Here tanquam expectem are rendered very justly, "as if I were expecting;" now, in present time, agreeable to the original. The words carry a negative: if I were expecting, implying, that I do not expect.
[119] This tense is not admitted to be good English; yet is often used in speaking; the have being contracted or corrupted into a, had a written, if he had a received.
[120] We have derived our substantive verb from two radical verbs; beon, whence come the English be, and the German bist; and weorthan, to be or become, fieri; from which probably, the Danes have their varer, and the English their were.
[121] The great source of these errors is this: Grammarians have considered that as a conjunction, and supposed that "conjunctions couple like cases and modes;" a Latin rule that does not always hold in English. But Mr. Horne Tooke has clearly proved the word that to be always a relative pronoun: It always relates to a word or sentence; and the reason why grammarians have called it a conjunction, may be this; they could not find any word to govern it as a relative, and therefore did not know what to do with it. But it is in fact a relative word, thus, "two men have made a discovery;" this is one assertion. What discovery? "that or this is the discovery;" the word that carrying the force of a complete affirmation; "there was a God." Here we see the absurdity of Swift's declaration and the common notions of a subjunctive mode. There is no subjunctive; in strictness of speech, all sentences are resolvable into distinct declaratory phrases. "There is a God;" "two young men have discovered that;" so the sentence should be written to show the true construction.

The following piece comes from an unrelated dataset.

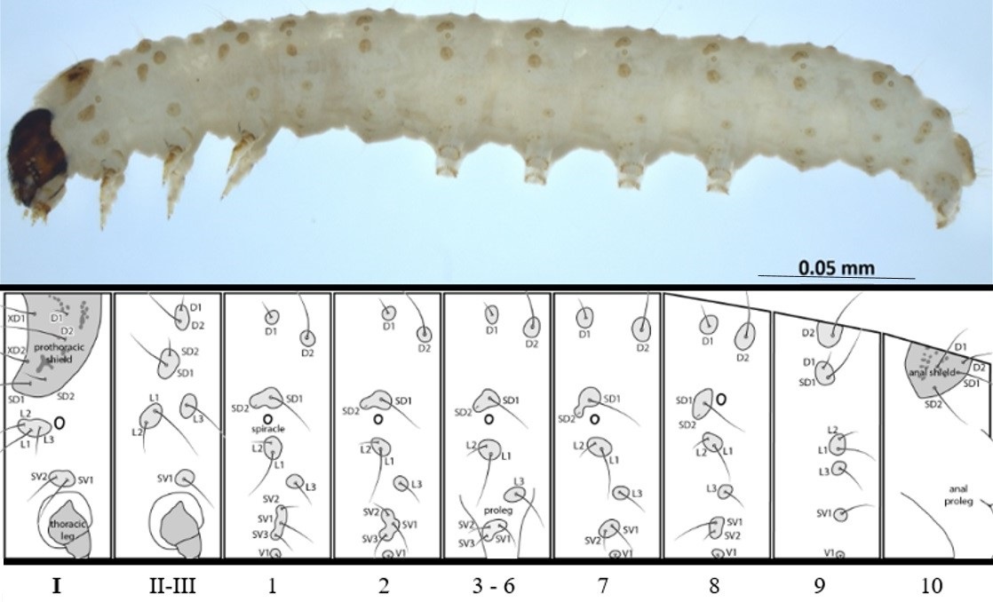 Weisman, D.M. (1986) Keys for the identification of some frequently intercepted lepidopterous larvae. U. S. Department of Agriculture, APHIS 81-47.

[122] A passage in Dr. Middleton's Life of Cicero, is remarkably accurate; "The celebrated orator, L. Cassius, died of the same disease (the pleurisy,) which might probably be then, as I was told in Rome it is now, the peculiar distemper of the place." Was refers to time completely past; but is declares a fact that exists generally, at all times; the verb is therefore in the present tense, or as Harris terms it,[123] the aorist of the present. So also in Dr. Reid's Essays, vol. 1. p. 18. "Those philosophers held, that there are three first principles of all things;" which is correct English. "Aristotle thought every object of human understanding enters at first by the senses."—Page 110. The following passage is equally correct. "There is a courage depending on nerves and blood, which was improved to the highest pitch among the Greeks."——Gillies, Hist. of Greece, vol. 1. p. 248. This courage is derived from the constitution of the human body; it exists therefore at all times; and had our author said, "there was a courage depending on nerves and blood, which the Greeks improved to the highest pitch," the sense would have been left imperfect. Here then we see the indefinite use of this form of the present tense; for were the verb is, in the foregoing example, limited to time now present, it would make the author write nonsense; it being absurd to say, "the Greeks 2000 years ago improved a courage which exists only at the present time." So that verbs, in the present tense, express facts that have an uninterrupted existence in past, present, and future time.
[123] Hermes, page 123.
[124] Previous may be vindicated on another principle; viz. by considering it as qualifying the whole subsequent member of the sentence. "The resolutions of Congress could not be enforced by legal penalties; this fact was previous to the establishment," &c. But the other is the real construction.